Mack Avenue Records
Warren Wolf loves melody, and he likes it spit-and-polish. It’s evident in the song choices for the Baltimorean vibraphonist’s debut. Whether originals or covers, the straight-ahead tunes are all well developed, occasionally even through-composed; no stretched-out blues riffs here. It’s equally evident in his solos, morsels of richness and logic that build upon the last such morsel. Warren Wolf is one stellar document.

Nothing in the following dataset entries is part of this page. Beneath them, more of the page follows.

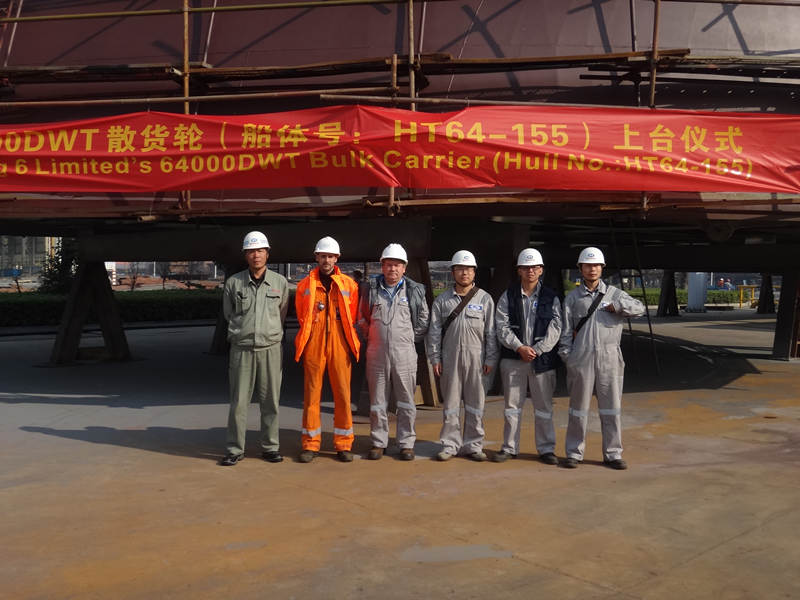 2014年11月20日上午10:28分,新韓通為船東建造的64000噸散貨輪(HT64-155)成功舉行上臺儀式,新韓通總經理助理圣衛兵及船東船檢參加本次儀式。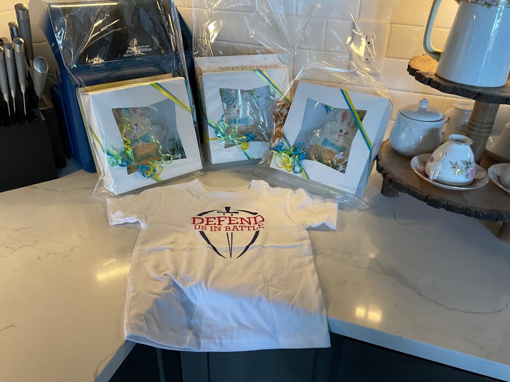 White t-shirt with Defend Us In Battle graphic.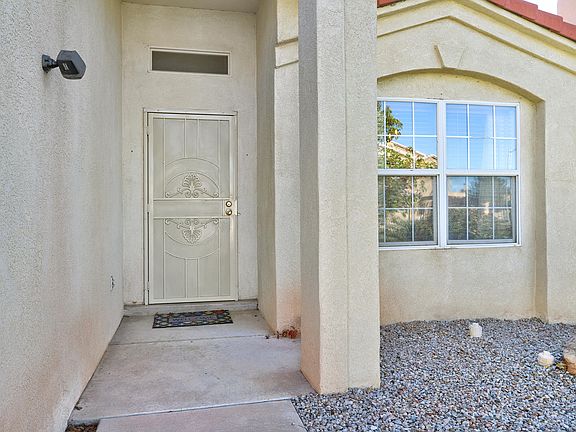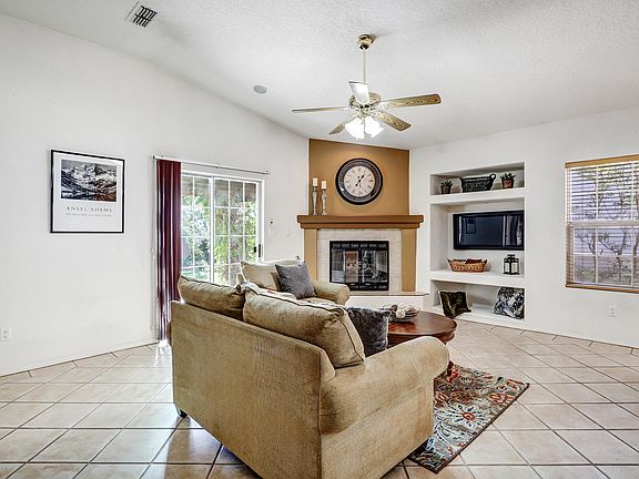 Welcome home to this beautiful 3 bedroom/ 2 bath single-story property featuring high ceilings, plenty of natural light, and a cozy fireplace in the living area. The open kitchen includes a skylight, a breakfast nook and ample counter space. Enjoy year-round comfort with refrigerated air and ceiling fans in every bedroom. The spacious owner's suite offers a jetted tub, walk-in closet and backyard access. Relax under the pergola while taking in the beautiful Sandia mountain view. Ideally located near the city limits of Rio Rancho and Albuquerque for the perfect blend of convenience and tranquility.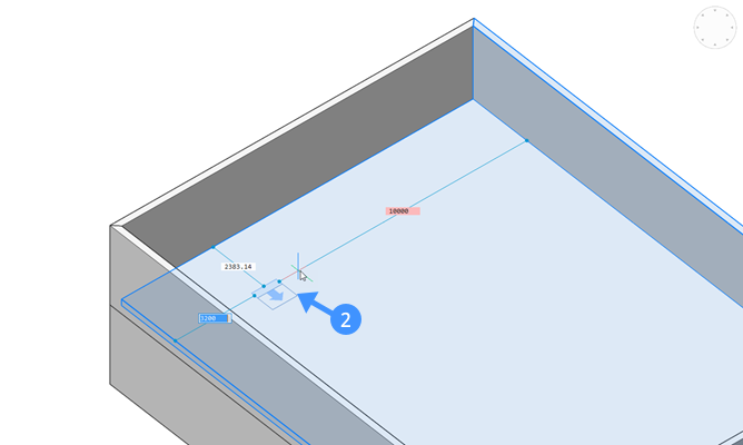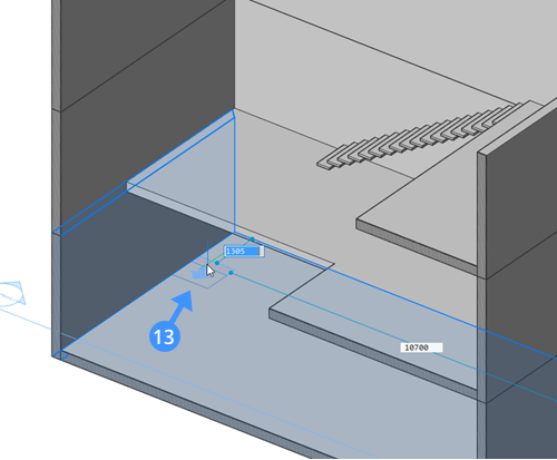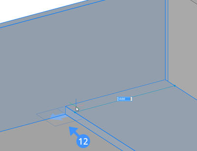 - スラブのエッジ付近に階段カーソルを置きます(12)。カーソルが自動的にエッジの外側にスナップします。

It’s glossy, but not toothless. Wolf fronts a hard-driving band, including alto and soprano saxophonist Tim Green, pianist Peter Martin, bassist Christian McBride and drummer Gregory Hutchison, none of whom hold anything back. “Eva,” for one, is an adrenaline-packed swinger in which Wolf trades choruses with Green, both hurling out white-hot strains of sound: Green focuses on energy and virtuosity; Wolf piles up figure after tuneful figure, any of which might be the basis for a new composition. Johnny Mandel’s “Emily” isn’t as fiery as “Eva,” but is far more playful than the crooners’ usual takes. Here Wolf is as sensitive as he is inventive, and is rivaled in that pursuit by McBride—the only soloist to capture the tune’s intended sweetness.

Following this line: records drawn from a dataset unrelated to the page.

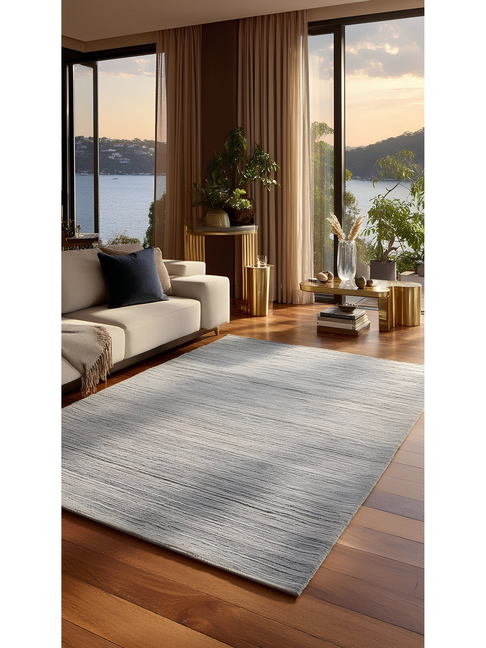 Amore Series 100% Natural Banana Silk Viscose and Wool Blend Living Room Handwoven Carpet GREY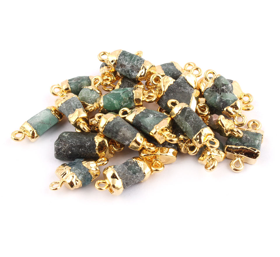 Offre Spéciale fait à la main Double Bail connecteur naturel brut émeraude pierres précieuses fantaisie forme laiton pierres précieuses connecteur or galvanoplastie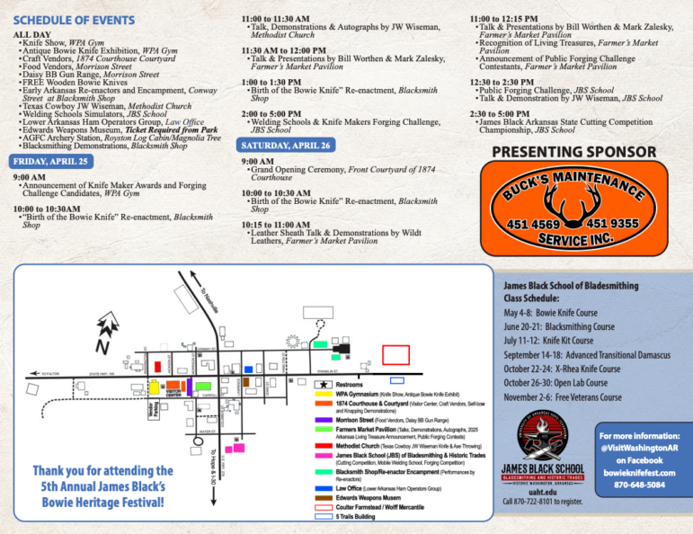 For more information, visit bowieknifefest.com, @VisitWashingtonAR on Facebook, or call 870-648-5084.

Wolf is also a fine composer, whether concocting catchy but unusually shaped pieces like “Sweet Bread” or building the gloriously anguished “Katrina” on the template of John Lewis’ “Django.” The album’s only flaw is too-smooth production (by McBride), but even that does well for “Señor Mouse,” Wolf’s solo centerpiece. As debuts go, this one is tough to beat.